Setelah kembali dari shalat, angkot yang tadi sudah penuh dan siap berangkat. Mas tiba-tiba mengeluh sakit perut dan mau BAB. Akhirnya ia dan ayahnya kembali ke masjid untuk menumpang kamar mandi dan kami menunggu sambil saya makan siomay.
Dalam perjalanan yang sudah diniatkan memang selalu ada saja yang layak disyukuri. Alhamdulillah Mas sakit perutnya pas masih belum berangkat, kalo udah nanjak di dalam angkot dan kejebak macet apa nggak heboh?! 😰
Ketika ada angkot datang lagi, kami akhirnya naik dan mengajak anak-anak bersabar menunggu penumpang lain. Awalnya mereka masih diam saja, lama-lama kepanasan dan mulai tak sabar. Syukurlah mereka kemudian diem karena disodorin roti O 😂.
Oh iya, demi membuat nyaman selama perjalanan jadi kami lebih pilih membayar bangku untuk duo bocah daripada harus memangku mereka. Sempit juga, Cyin!
Akhirnya setelah sekian lama, angkot dipenuhi penumpang juga. Kami pun mulai menuju Cipanas dengan rute yang cuma supirnya dan orang yang suka lewat jalan pintas yang tahu. Pokoknya lewat jalan-jalan dalam.
Tadinya angkot hendak melewati jalur Cisarua. Tapi rupanya kami terlambat. Jalur sudah ditutup dan baru akan dibuka sekitar 3 jam lagi. Waduh. Supir sempat bingung karena jalur pintas memiliki tanjakan cukup ekstrim. Akhirnya demi menghindari macet, bapak supir putar balik dan memutuskan lewat jalur pintas.

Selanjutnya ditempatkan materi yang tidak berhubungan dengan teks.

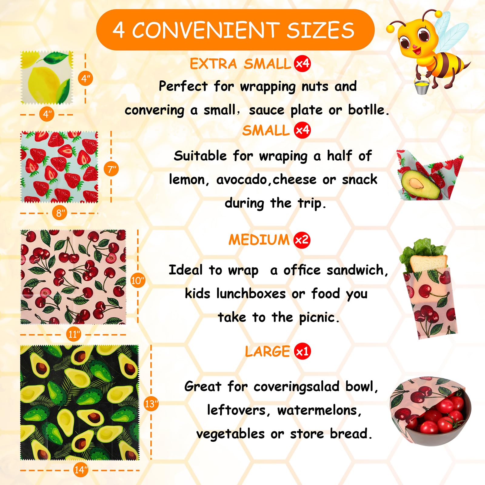 - Multiple Sizes: This set comes with 11 packs of beeswax wrap for your daily uses:1 Large (14x13"), 1 Medium (11x10"), 4 Small (8x7"), and 4 Extra Small (4x4") beeswax wraps. Different sizes can cover different foods or bowls depending on your demand, whether it's leftovers or take-out food, fruit or snacks, etc...
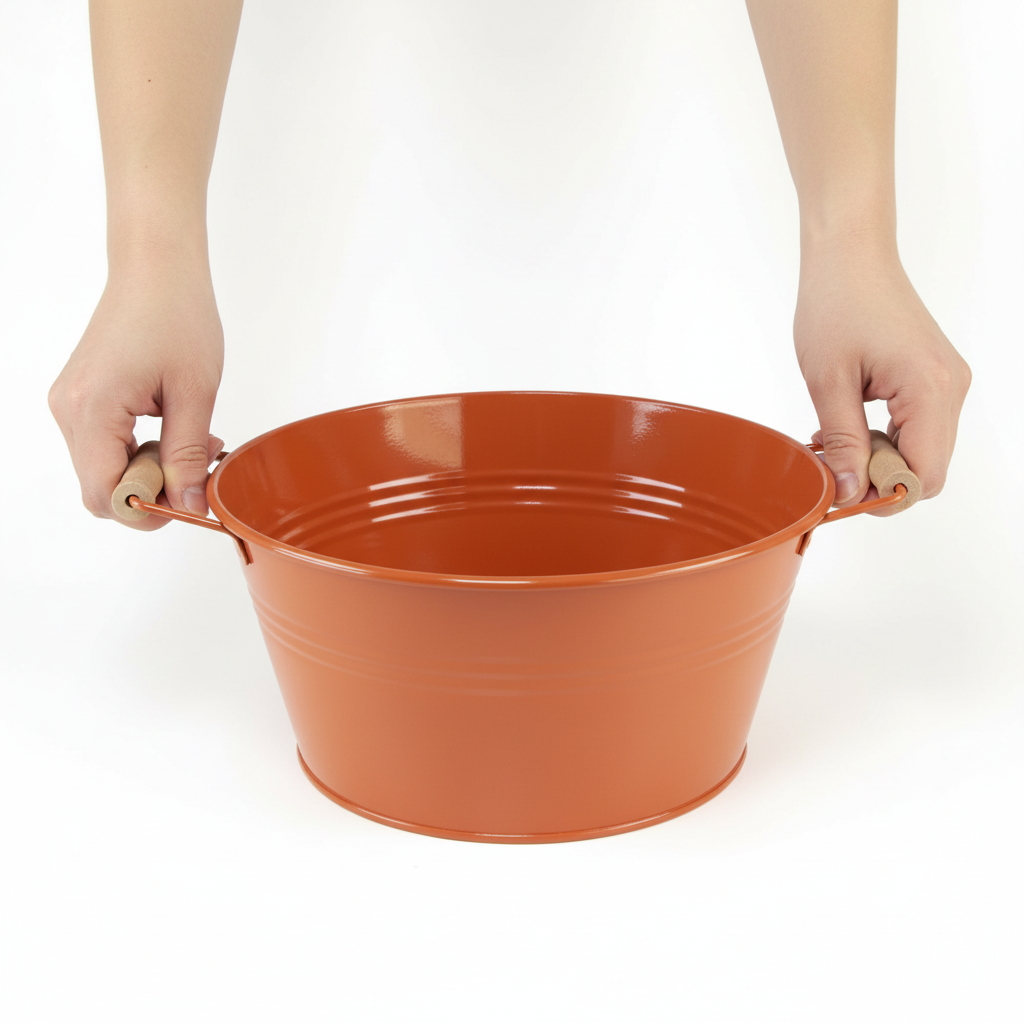 Sýto červenú verziu ozdobnej misky s rúčkami a kovovými vedierkami v tomto prevedení nájdete aj v našom obchode. Skombinujte niekoľko rastlín v tejto kovovej dekorácii a vytvorte štýlový jarný súbor.

“Nanti kalo di tanjakan, pada turun yak.” Pesannya.
Hooo… Angkot penuh tak kuat nanjak rupanya.
Beberapa kali angkot menderu dan melaju zigzag saat melewati jalur menanjak. Hingga akhirnya penumpang diminta turun. Hanya saya, anak-anak, dan satu nenek yang nggak ikut turun hehe. Penumpang pun jalan kaki menanjaki jalur beraspal. Anak-anak malah kegirangan ngeliatin yang lain jalan sementara mereka naik angkot.
Sejauh ini mereka sempat tertidur dan bersikap biasa saja dengan kondisi naik kendaraan umum. Maksudnya nggak ngeluh banget atau rewel seperti yang dibayangkan orang-orang. Ya toh bukan yang pertama kalinya mereka naik angkot, meski memang pertama kalinya jarak jauh. Namun mereka malah tetap sibuk ngomongin robot, pohon, planet, roti, dan lain sebagainya seolah baterai mereka tak kunjung habis.

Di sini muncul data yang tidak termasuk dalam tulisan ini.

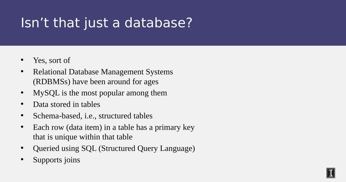 4 .Isn’t that just a database? Yes, sort of Relational Database Management Systems (RDBMSs) have been around for ages MySQL is the most popular among them Data stored in tables Schema-based, i.e., structured tables Each row (data item) in a table has a primary key that is unique within that table Queried using SQL (Structured Query Language) Supports joins
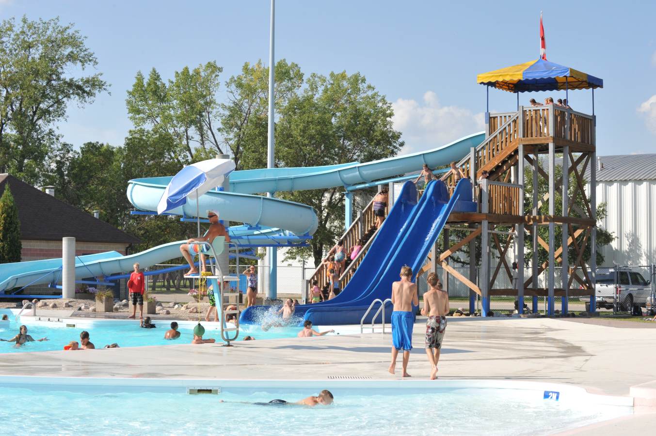 Unser saisonal geöffnetes Freibad verfügt über zwei schnelle Rutschen, eine Wendelrutsche, Whirlpools, Sprungbretter, einen Planschpark und eine Wiese, die sich hervorragend für Picknicks eignet.
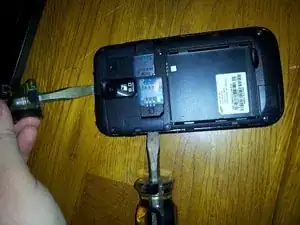 Вставьте плоскую отвёртку в боковую часть телефона и подденьте заднюю панель.

Kami kembali sempat terjebak macet buka-tutup dan harus menanti kira-kira setengah jam. Syukurlah ada penjual pizza keliling. Merknya saya lupa 😂.
Oh iya, perjalanan ini cocok sekali untuk mengajarkan anak tentang konsep jalur naik dan turun dan dzikir yang diajarkan untuk diucapkan. Yaitu, mengucapkan Allahu Akbar saat menanjak dan Subhanallah saat jalur menurun.
Pukul 5 kami akhirnya sampai dan turun di Pasar Cipanas. Semua sudah kelaparan sehingga kami berbelok ke warung makan dulu. Alhamdulillah kami nggak salah pilih tempat soalnya makanannya enaaak.
Habis itu kami menanyakan perihal alamat penginapan yang sudah disewakan sepupu untuk kami. Sang sepupu menyarankan kami naik taxi online namun hingga sekian menit tidak jua ada. Akhirnya kami putuskan charter angkot saja. Supir angkot rupanya tetap ingin mengangkut penumpang sehingga kami tidak jadi charter namun bapak supir bersedia masuk ke dalam komplek perumahan yang ditentukan dan mengantar hingga depan rumah. Alhamdulillah kami akhirnya tiba juga menjelang Isya.
Langsung lah mandi, siapin baju buat kondangan besok, dan saya sama kakak udah paling heboh nyuruh bocah-bocah tidur sambil terus menerus mengingatkan bahwa besok harus bangun pagi-pagi buat ke nikahan. Masalahnya tadi mereka cuma tidur sebentar di angkot. Dahsyat bener dah ah tuh duo batere 😣.
Pukul 8-an akhirnya mereka tidur juga. Ffiuh…
^^^^^^^^^^^
Besok paginya duo bocah dan kami syukurlah bisa bangun pagi. Karena awalnya nggak niat banget datang pas prosesi akad (takut mereka bosan dan kelamaan nunggu) akhirnya kami ya sengaja nggak mandi buru-buru. Toh kamar mandinya juga ngantri dan utamakan para sepupu inti dari yang mau nikahan aja, kami mah tim tambahan hehe. Tapi akhirnya kami masih keburu juga buat datang pagi ke tempat nikahan meski prosesi akadnya udah selesai.
Ternyata tempatnya outdoor dan bocah girang banget karena bisa lari-larian.
Alhamdulillah ya, misi buat menghadiri pernikahan sepupu ini terlaksana dengan baik. Mission accomplished!